===== Material for this task

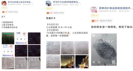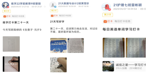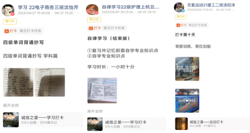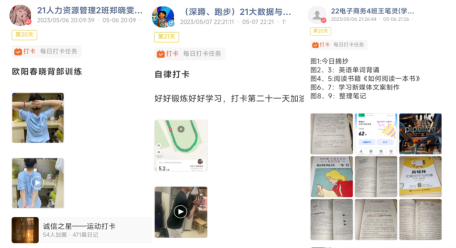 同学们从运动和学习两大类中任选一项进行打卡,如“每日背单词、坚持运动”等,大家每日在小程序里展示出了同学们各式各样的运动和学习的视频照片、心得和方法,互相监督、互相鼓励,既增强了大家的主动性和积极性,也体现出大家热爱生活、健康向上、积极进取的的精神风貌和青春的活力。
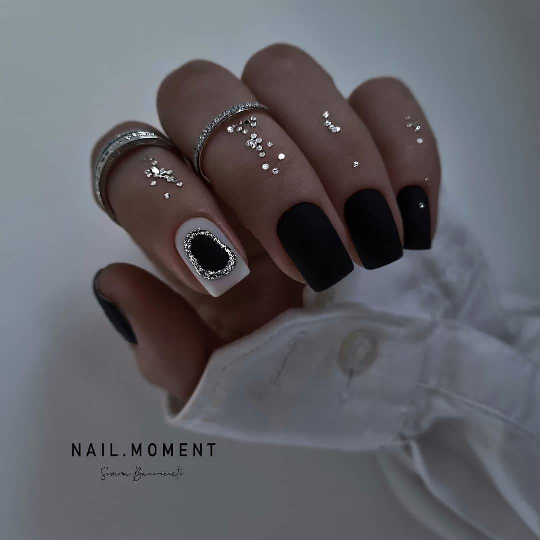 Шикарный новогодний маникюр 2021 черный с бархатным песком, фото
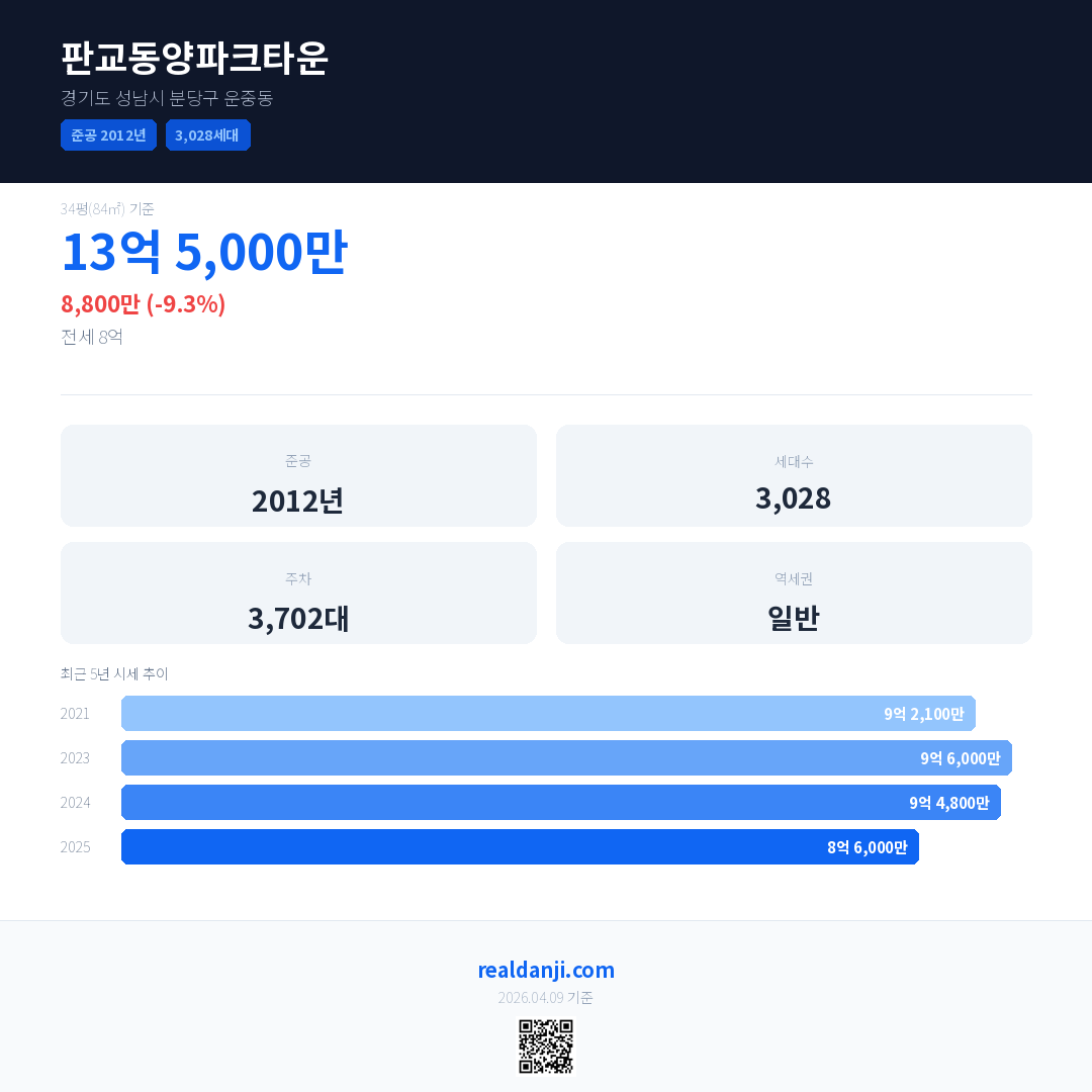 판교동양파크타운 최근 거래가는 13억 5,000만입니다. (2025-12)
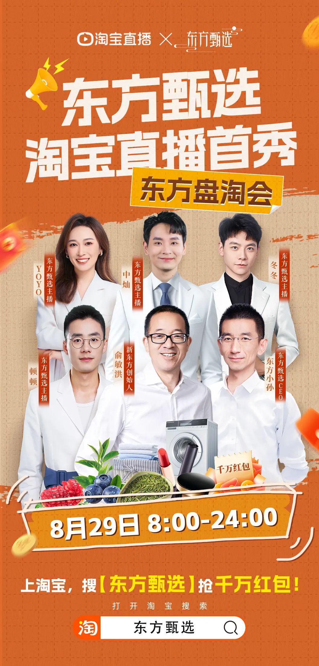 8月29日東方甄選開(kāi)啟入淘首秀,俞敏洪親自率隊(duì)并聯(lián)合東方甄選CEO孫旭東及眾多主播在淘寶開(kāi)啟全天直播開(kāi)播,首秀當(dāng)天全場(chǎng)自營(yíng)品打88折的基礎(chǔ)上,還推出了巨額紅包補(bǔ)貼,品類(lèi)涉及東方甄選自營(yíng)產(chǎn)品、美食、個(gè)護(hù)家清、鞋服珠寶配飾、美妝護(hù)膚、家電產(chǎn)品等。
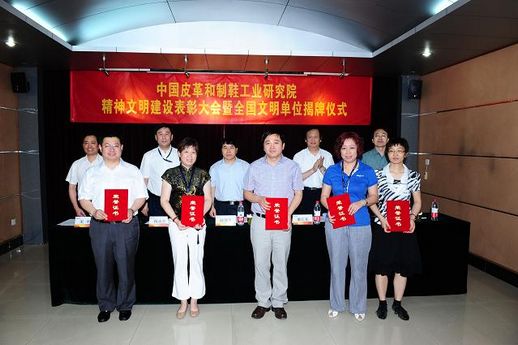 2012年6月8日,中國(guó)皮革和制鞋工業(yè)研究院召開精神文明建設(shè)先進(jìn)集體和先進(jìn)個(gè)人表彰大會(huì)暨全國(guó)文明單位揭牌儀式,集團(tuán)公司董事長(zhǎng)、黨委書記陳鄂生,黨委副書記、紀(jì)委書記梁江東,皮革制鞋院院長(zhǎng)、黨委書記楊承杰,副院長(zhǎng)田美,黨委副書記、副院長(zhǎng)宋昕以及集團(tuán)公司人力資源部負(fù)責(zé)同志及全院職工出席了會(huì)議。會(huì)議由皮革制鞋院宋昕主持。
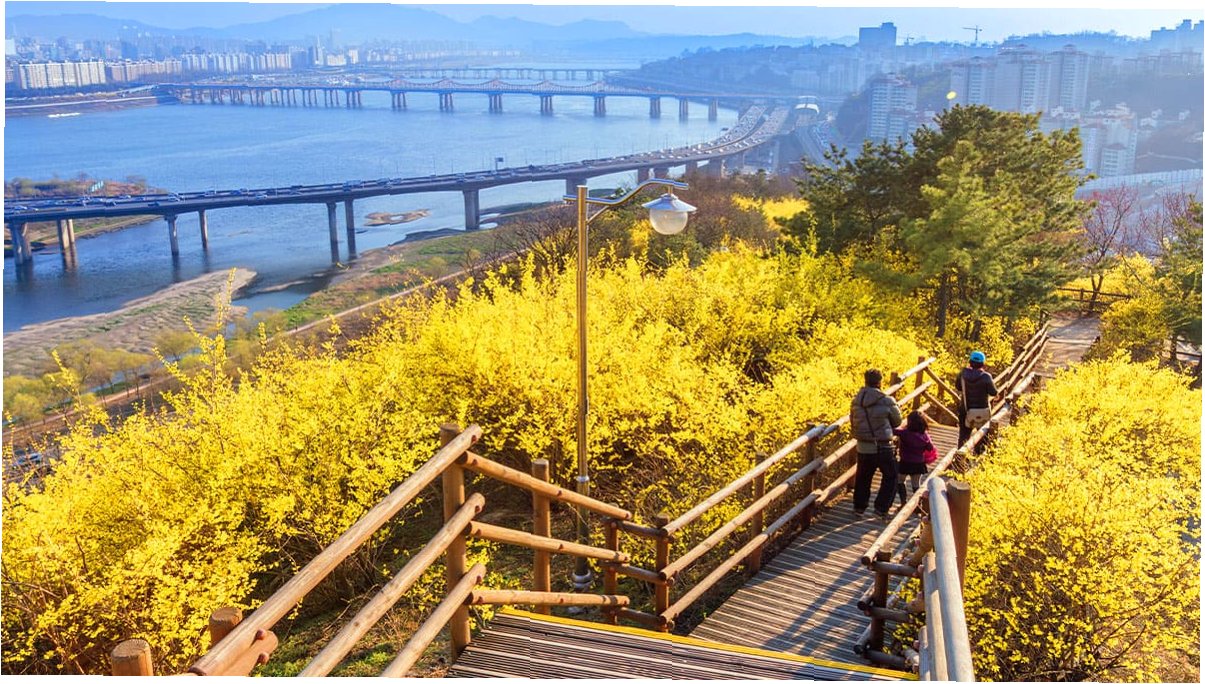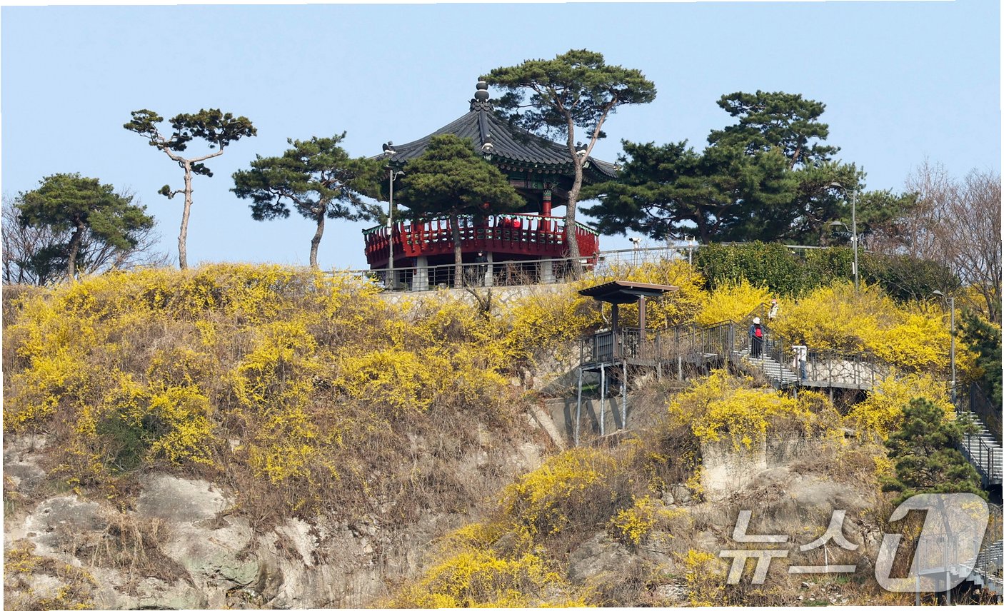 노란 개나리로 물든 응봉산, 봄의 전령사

==========

**Work to complete:**
Could you transcribe exactly the lines from the one with "2012年6月8日,中國(g" through the end of the data, both ends included, and nothing else, skipping the pictures?

**Exercise solution:**
 2012年6月8日,中國(guó)皮革和制鞋工業(yè)研究院召開精神文明建設(shè)先進(jìn)集體和先進(jìn)個(gè)人表彰大會(huì)暨全國(guó)文明單位揭牌儀式,集團(tuán)公司董事長(zhǎng)、黨委書記陳鄂生,黨委副書記、紀(jì)委書記梁江東,皮革制鞋院院長(zhǎng)、黨委書記楊承杰,副院長(zhǎng)田美,黨委副書記、副院長(zhǎng)宋昕以及集團(tuán)公司人力資源部負(fù)責(zé)同志及全院職工出席了會(huì)議。會(huì)議由皮革制鞋院宋昕主持。
 노란 개나리로 물든 응봉산, 봄의 전령사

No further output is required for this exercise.